According to the latest data from Veritas research, organisations throughout the world may be mistaken when they claim to be in compliance with the upcoming GDPR (General Data Protection
Regulations). The GDPR report for 2017 revealed by Veritas claims that about one third of all respondents consider their enterprise to be GDPR ready, according to the key requirements of the regulations. However, when asked about specific provisions for GDPR, most of the same respondents were unable to offer answers that support their compliance.
Once inspected, only two percent of the companies surveyed seemed to actually be in compliance with GDPR. That means that today’s companies aren’t just drastically unprepared, they also don’t completely understand what regulation readiness looks like.
Are You Really Ready for GDPR?
The latest results are worrying, particularly when you consider the fact that the GDPR is less than a year away; coming into force 25th May 2018. Organisations around the world should be focused on the impact that non-compliance with information standards could have with their business and brand loyalty.

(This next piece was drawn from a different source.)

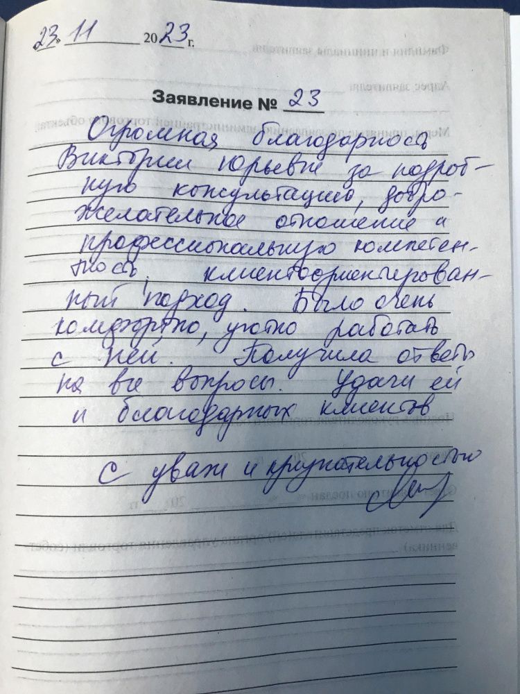 Огромная благодарность Виктории Юрьевне за подробную консультацию, доброжелательное отношение и профессиональную компетентность, клиент ориентированный подход.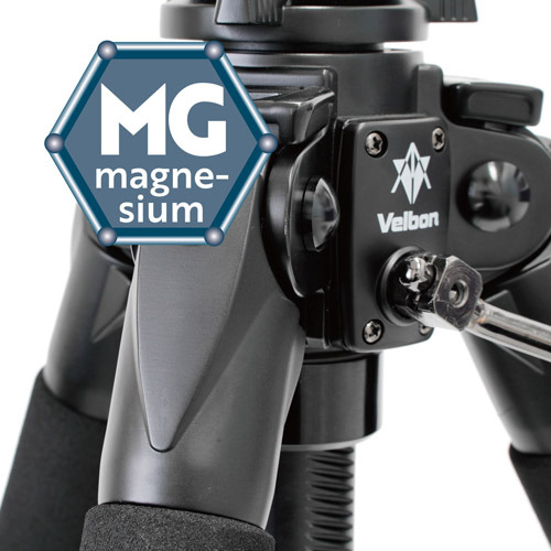 三脚の開脚基部に当たるボディにはマグネシウム製ワンピース構造を採用。強度・振動吸収性・軽さにおいて優れた素材を使用し、剛性を重視した設計になっています。

The Veritas study indicates that 48% of companies who claimed to be compliant don’t have total visibility over their personal data loss incidents. On top of that, 61% of that same group admitted that their organisation struggle to identify and report data breaches within 72 hours of awareness. This is a mandatory requirement for GDPR when there is a risk to data subjects.

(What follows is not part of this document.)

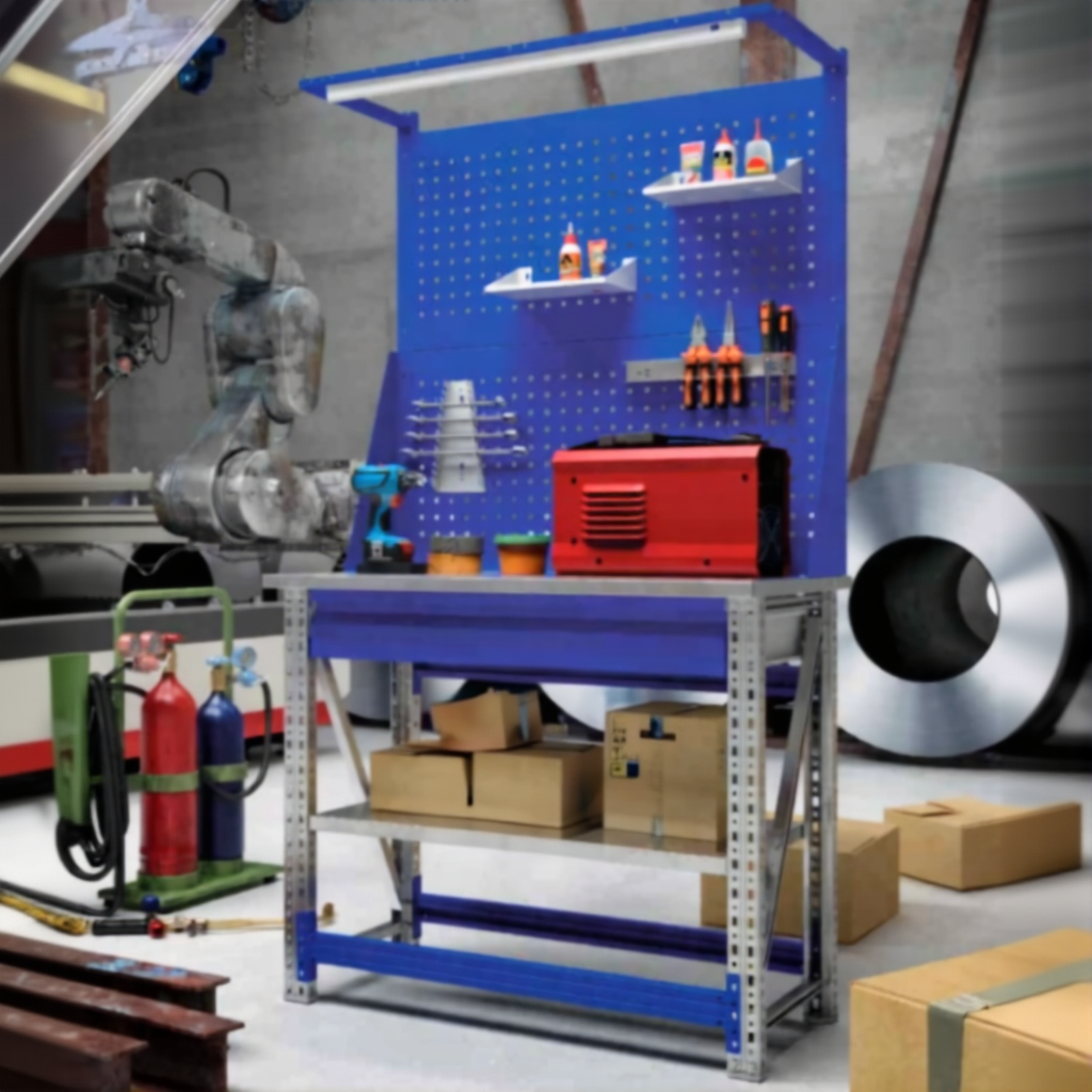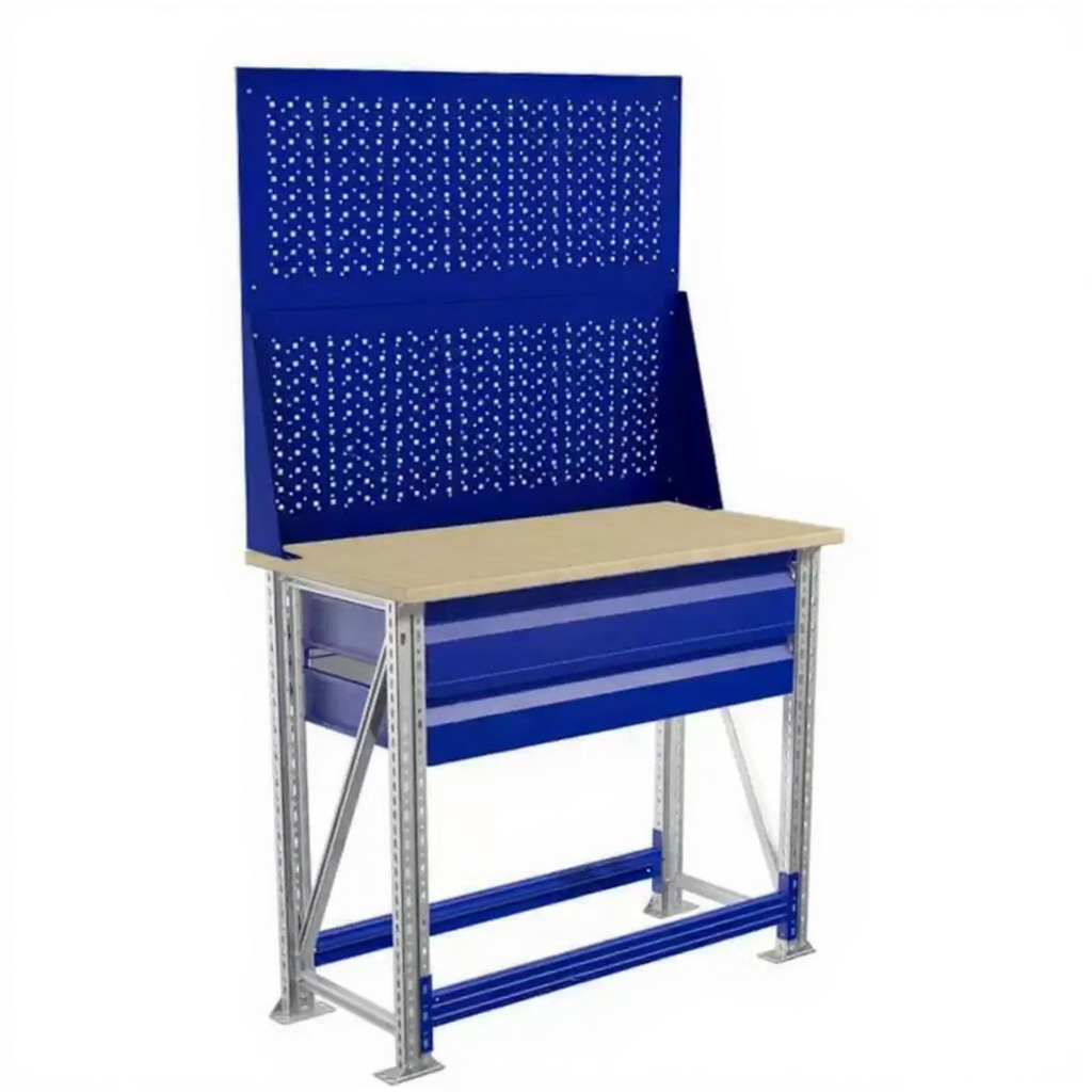 - Компактные размеры — столешница 1000х500 мм позволяет разместить верстак даже в небольших помещениях.

Any organisation that can’t report the theft or loss of personal data, such as email addresses, medical records, or passports to supervisory bodies within the correct deadline could be breaking key requirements. This means that they would be susceptible to the huge GDPR fines of either 20 million in euros, or four percent of their annual turnover.

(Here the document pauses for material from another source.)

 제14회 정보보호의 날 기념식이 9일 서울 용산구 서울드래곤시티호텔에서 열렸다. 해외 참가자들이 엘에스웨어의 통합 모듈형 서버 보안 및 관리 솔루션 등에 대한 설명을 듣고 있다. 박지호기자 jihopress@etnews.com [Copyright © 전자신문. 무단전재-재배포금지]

Better Knowledge is Needed
The results suggest that more education is required on the processes, tools and policies of GDPR, to support information governance strategies required for compliance with GDPR requirements. Creating classification-based, automated, and policy-driven approaches to GDPR is essential to success, and should enable organisations to accelerate their ability to meet with the regulatory demands set out, before the impending deadline.